*ACTION ITEM:*
Would you please copy only the lines from the line that contains "Gandhi Jayanthi Celebration" to the end of the data below, exactly, leaving every picture out?

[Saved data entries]

──────────────────────────────

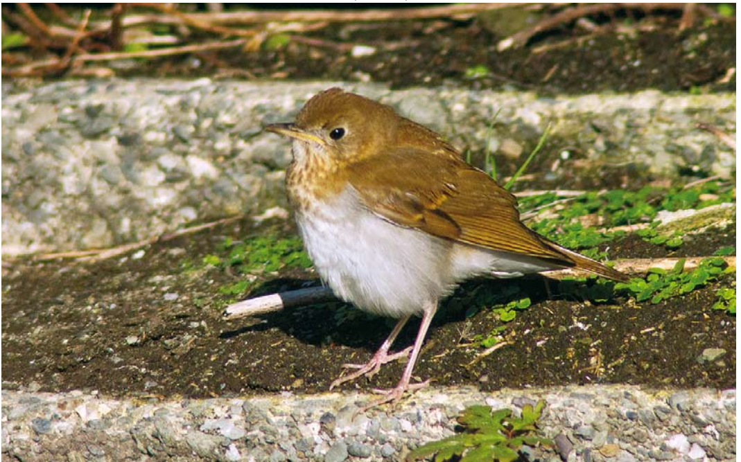
559 Veery / Veery Catharus fuscescens , first-winter, Cape Clear, Cork, Ireland, 18 October 2018 (Harry Hussey)
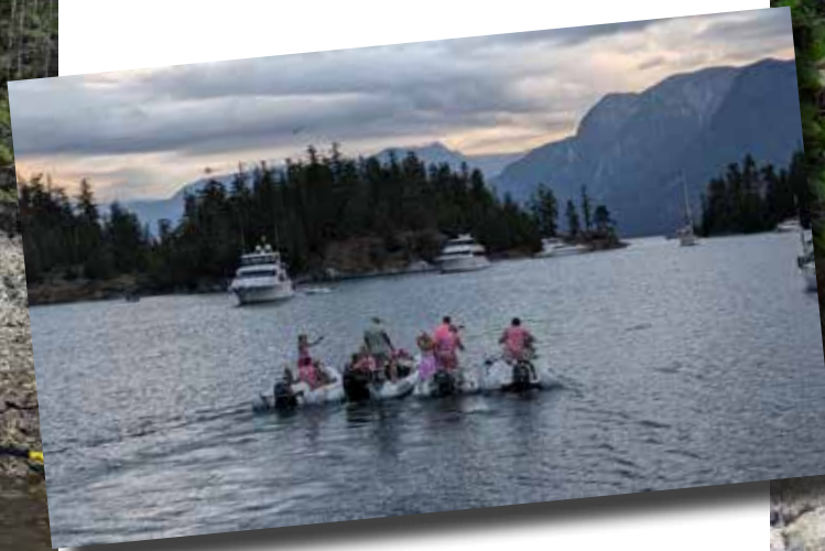
It's party time! We were entertained by some very entertaining Canadians
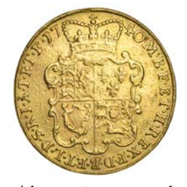
298 Two Guineas, 1740/39 (EGC 575; S 3668). Gilt and removed from a ring mount, fine
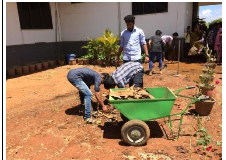
Gandhi Jayanthi Celebration
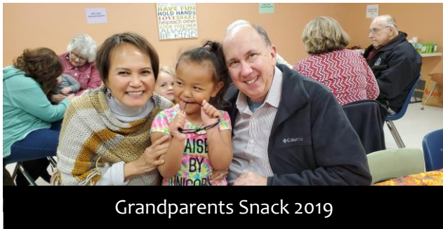
Grandparents Snack 2019
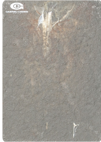
UNS9BC0847 MARBLE E = 4,5%
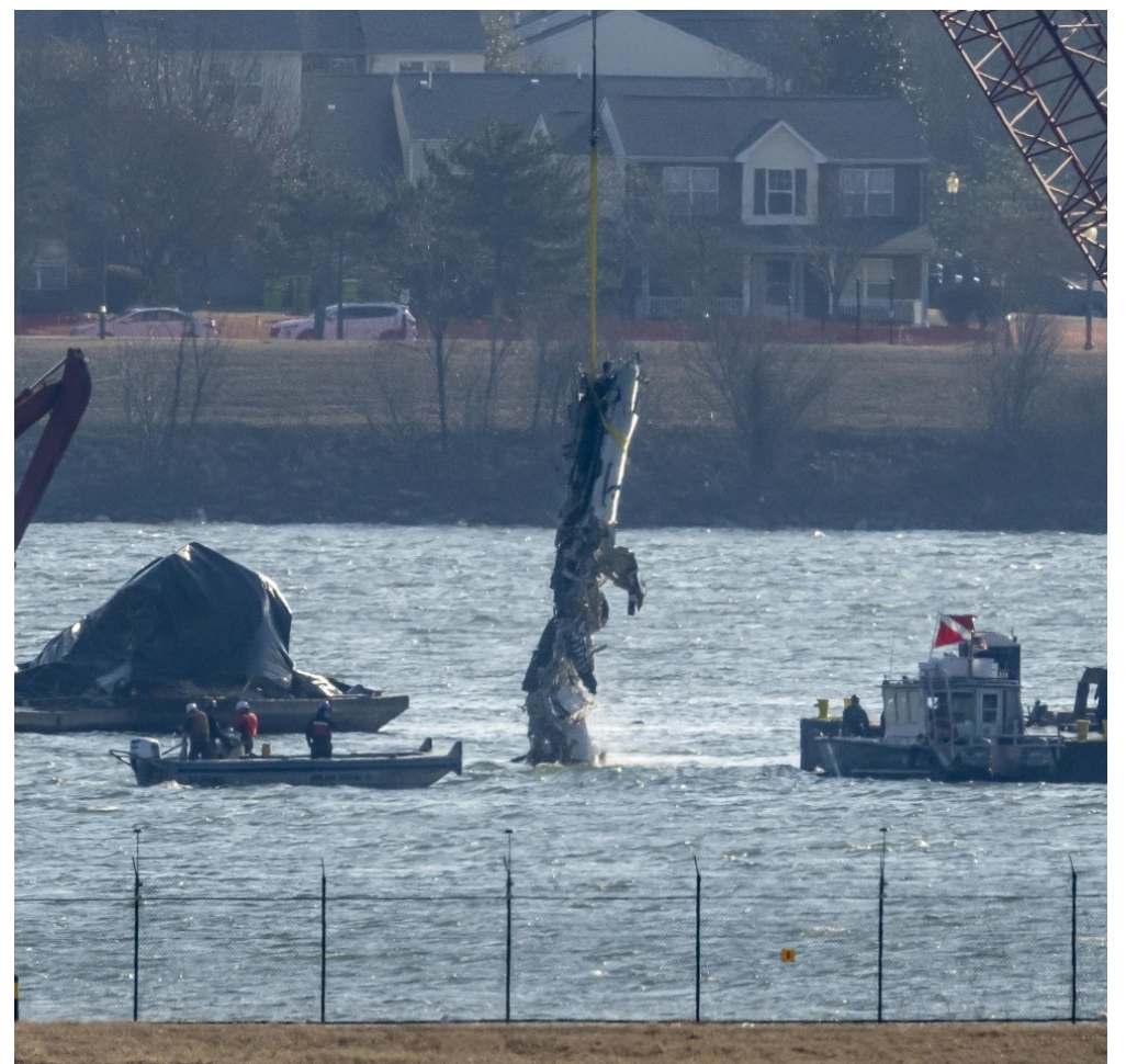
Wreckage from American Airlines Flight 5342 being pulled out of the Potomac River in Washington D.C.
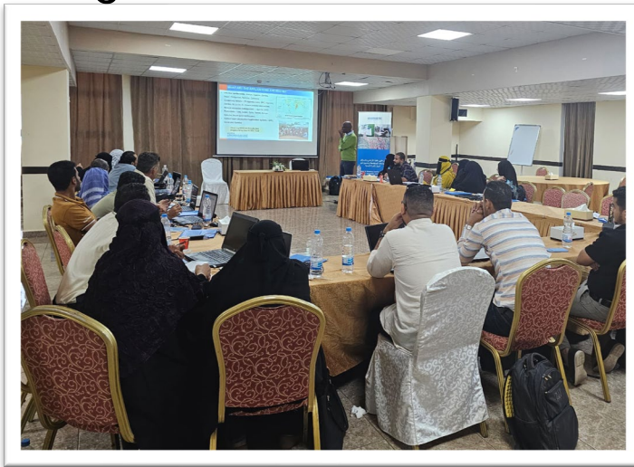
Technical STDM training
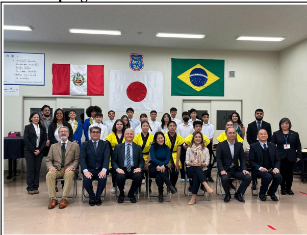
March 23 【Observation】 Mundo de Alegria
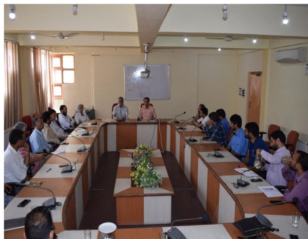
Training Course on 'Affirmative Action Programme for the Development of SCs, STs & OBCs in J&K: Planning and Management' conducted w.e.f July 23-25, 2019
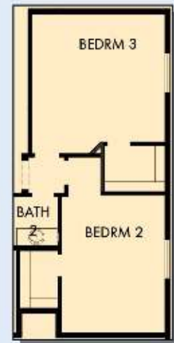
OPTIONAL EXTENDED BEDROOM 2 AND 3
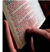
Daily Bible Reading Page 3
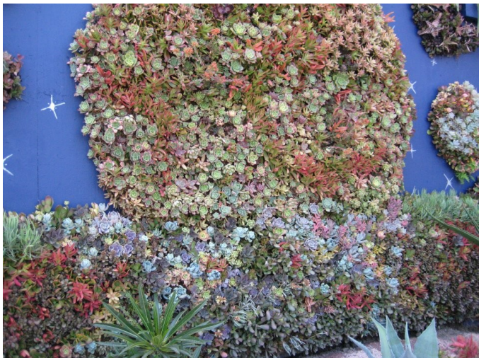
Closer look at the number of succulents needed to make this large vertical succulent display. Can anyone guess how many succulents there really are?
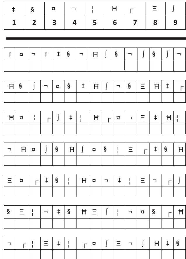
Figure 1. Example of stimuli of the SDMT type.

The SDMT 19 was recommended as the test of information processing speed. The test consists of single digits paired with abstract symbols (Figure 1). Rows of the nine symbols are arranged pseudo-randomly. The patient must say the number that corresponds with each symbol. The SDMT can be completed within 5 min, including instructions, practice and testing. The good psychometric properties of the SDMT are well described. 23 The SDMT has a reported sensitivity of 82% and a specificity of 60%. 24 It has validations in several countries. 2,24-26 Estimates of practice effects and change indices are available. 27 The SDMT has a high sensitivity to cognitive impairment in MS. 6,26,28 It has been shown to be the best predictor of MS cognitive impairment in both the BRB-N and MACFIMS. 6 The SDMT is reliable when administered by nursing staff over several months, with minimal practice effects (0.2). 29 There is also evidence for the sensitivity of the SDMT to cognitive change in MS. 2,25,30 The SDMT is well validated against both conventional brain MRI parameters (including atrophy, 31 brain parenchymal fraction (BPF) and third ventricular width, 32 atrophy at baseline predicting SDMT change; 33 cortical lesion number and white matter lesion volume, 34 cortical lesion volume, 32,34,35 cortical lesion

──────────────────────────────

*SOLUTION FOR THIS TASK:*
Gandhi Jayanthi Celebration
Grandparents Snack 2019
UNS9BC0847 MARBLE E = 4,5%
Wreckage from American Airlines Flight 5342 being pulled out of the Potomac River in Washington D.C.
Technical STDM training
March 23 【Observation】 Mundo de Alegria
Training Course on 'Affirmative Action Programme for the Development of SCs, STs & OBCs in J&K: Planning and Management' conducted w.e.f July 23-25, 2019
OPTIONAL EXTENDED BEDROOM 2 AND 3
Daily Bible Reading Page 3
Closer look at the number of succulents needed to make this large vertical succulent display. Can anyone guess how many succulents there really are?
Figure 1. Example of stimuli of the SDMT type.

The SDMT 19 was recommended as the test of information processing speed. The test consists of single digits paired with abstract symbols (Figure 1). Rows of the nine symbols are arranged pseudo-randomly. The patient must say the number that corresponds with each symbol. The SDMT can be completed within 5 min, including instructions, practice and testing. The good psychometric properties of the SDMT are well described. 23 The SDMT has a reported sensitivity of 82% and a specificity of 60%. 24 It has validations in several countries. 2,24-26 Estimates of practice effects and change indices are available. 27 The SDMT has a high sensitivity to cognitive impairment in MS. 6,26,28 It has been shown to be the best predictor of MS cognitive impairment in both the BRB-N and MACFIMS. 6 The SDMT is reliable when administered by nursing staff over several months, with minimal practice effects (0.2). 29 There is also evidence for the sensitivity of the SDMT to cognitive change in MS. 2,25,30 The SDMT is well validated against both conventional brain MRI parameters (including atrophy, 31 brain parenchymal fraction (BPF) and third ventricular width, 32 atrophy at baseline predicting SDMT change; 33 cortical lesion number and white matter lesion volume, 34 cortical lesion volume, 32,34,35 cortical lesion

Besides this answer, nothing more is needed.